ASSIGNMENT: Copy out precisely the lines from the start of the data through the line with "mmWave77覆铜板是一款", and keep pictures out of it.

SOURCE MATERIAL:
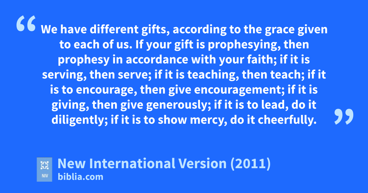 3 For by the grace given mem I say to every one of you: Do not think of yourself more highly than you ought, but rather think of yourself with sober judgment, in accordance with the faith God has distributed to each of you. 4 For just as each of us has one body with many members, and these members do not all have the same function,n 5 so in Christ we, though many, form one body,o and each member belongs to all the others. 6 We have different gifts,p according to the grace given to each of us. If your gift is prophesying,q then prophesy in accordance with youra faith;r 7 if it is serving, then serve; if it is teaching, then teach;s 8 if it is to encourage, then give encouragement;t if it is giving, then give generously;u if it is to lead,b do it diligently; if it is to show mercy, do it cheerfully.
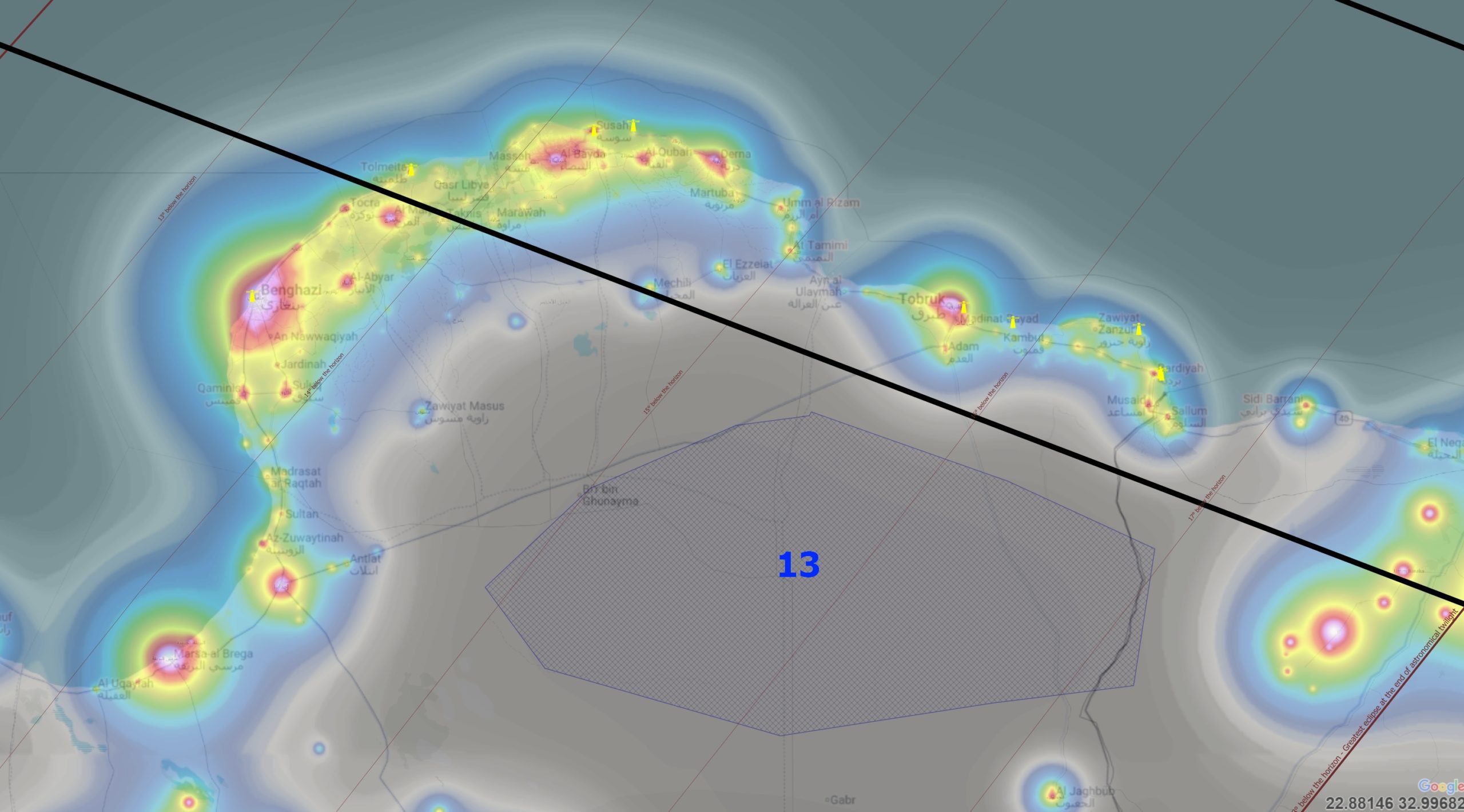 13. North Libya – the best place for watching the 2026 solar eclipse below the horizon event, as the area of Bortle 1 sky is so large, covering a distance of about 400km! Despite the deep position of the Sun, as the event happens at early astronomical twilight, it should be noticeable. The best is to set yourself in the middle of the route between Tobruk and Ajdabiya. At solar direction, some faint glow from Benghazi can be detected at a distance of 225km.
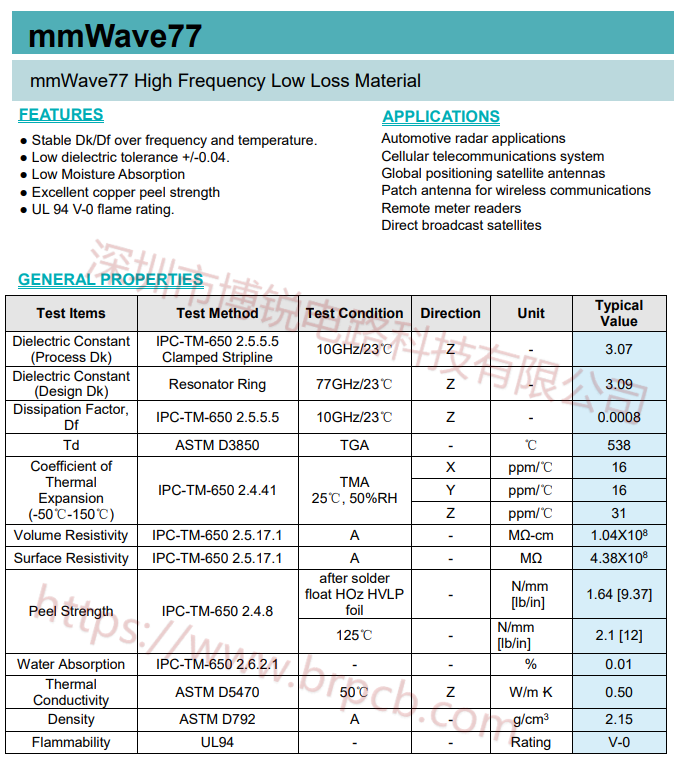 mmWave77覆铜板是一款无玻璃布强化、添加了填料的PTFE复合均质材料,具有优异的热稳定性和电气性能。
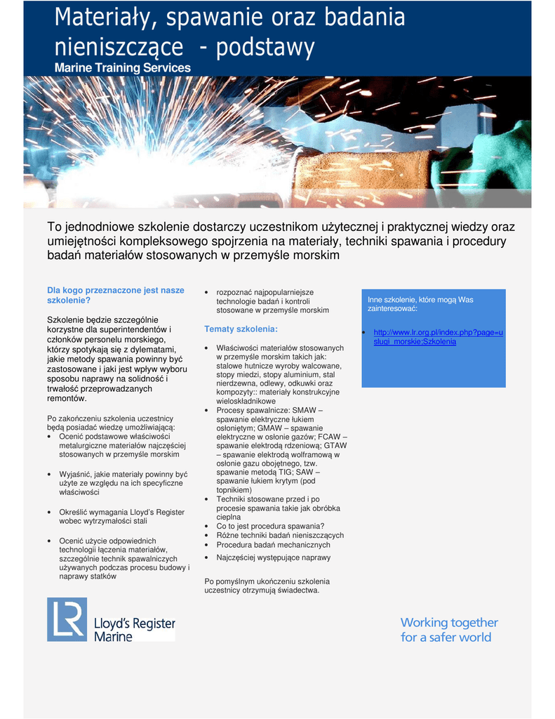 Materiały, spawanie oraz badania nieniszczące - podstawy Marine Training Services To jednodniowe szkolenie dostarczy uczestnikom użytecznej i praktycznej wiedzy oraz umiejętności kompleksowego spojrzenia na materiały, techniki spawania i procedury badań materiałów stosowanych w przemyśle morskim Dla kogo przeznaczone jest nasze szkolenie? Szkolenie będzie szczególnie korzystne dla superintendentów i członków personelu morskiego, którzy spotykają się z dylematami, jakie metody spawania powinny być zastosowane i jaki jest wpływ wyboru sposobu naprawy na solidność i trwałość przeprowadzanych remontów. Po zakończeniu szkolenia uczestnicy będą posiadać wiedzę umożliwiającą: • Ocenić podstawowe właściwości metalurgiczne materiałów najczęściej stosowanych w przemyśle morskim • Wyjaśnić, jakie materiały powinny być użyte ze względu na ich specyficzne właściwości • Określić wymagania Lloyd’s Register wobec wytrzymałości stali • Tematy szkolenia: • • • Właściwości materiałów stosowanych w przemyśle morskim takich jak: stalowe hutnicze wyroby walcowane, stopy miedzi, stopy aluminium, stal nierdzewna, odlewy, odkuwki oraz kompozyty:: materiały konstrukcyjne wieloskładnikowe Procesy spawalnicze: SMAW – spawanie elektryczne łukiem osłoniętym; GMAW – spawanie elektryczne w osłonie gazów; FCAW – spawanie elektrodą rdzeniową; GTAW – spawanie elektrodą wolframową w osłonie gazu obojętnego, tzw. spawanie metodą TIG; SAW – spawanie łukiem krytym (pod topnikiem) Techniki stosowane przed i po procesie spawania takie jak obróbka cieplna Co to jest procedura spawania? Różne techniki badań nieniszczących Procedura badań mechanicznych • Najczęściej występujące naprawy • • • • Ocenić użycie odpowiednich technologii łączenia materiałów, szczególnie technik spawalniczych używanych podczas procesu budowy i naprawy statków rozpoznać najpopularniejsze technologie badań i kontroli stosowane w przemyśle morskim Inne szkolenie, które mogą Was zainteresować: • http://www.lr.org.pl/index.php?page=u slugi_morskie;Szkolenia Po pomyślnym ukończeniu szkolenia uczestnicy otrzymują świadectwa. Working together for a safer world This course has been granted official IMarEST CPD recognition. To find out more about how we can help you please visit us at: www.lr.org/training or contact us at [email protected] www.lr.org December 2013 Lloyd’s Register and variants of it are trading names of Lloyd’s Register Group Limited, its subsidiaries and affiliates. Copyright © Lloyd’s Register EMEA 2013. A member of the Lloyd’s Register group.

TASK OUTPUT:
 3 For by the grace given mem I say to every one of you: Do not think of yourself more highly than you ought, but rather think of yourself with sober judgment, in accordance with the faith God has distributed to each of you. 4 For just as each of us has one body with many members, and these members do not all have the same function,n 5 so in Christ we, though many, form one body,o and each member belongs to all the others. 6 We have different gifts,p according to the grace given to each of us. If your gift is prophesying,q then prophesy in accordance with youra faith;r 7 if it is serving, then serve; if it is teaching, then teach;s 8 if it is to encourage, then give encouragement;t if it is giving, then give generously;u if it is to lead,b do it diligently; if it is to show mercy, do it cheerfully.
 13. North Libya – the best place for watching the 2026 solar eclipse below the horizon event, as the area of Bortle 1 sky is so large, covering a distance of about 400km! Despite the deep position of the Sun, as the event happens at early astronomical twilight, it should be noticeable. The best is to set yourself in the middle of the route between Tobruk and Ajdabiya. At solar direction, some faint glow from Benghazi can be detected at a distance of 225km.
 mmWave77覆铜板是一款无玻璃布强化、添加了填料的PTFE复合均质材料,具有优异的热稳定性和电气性能。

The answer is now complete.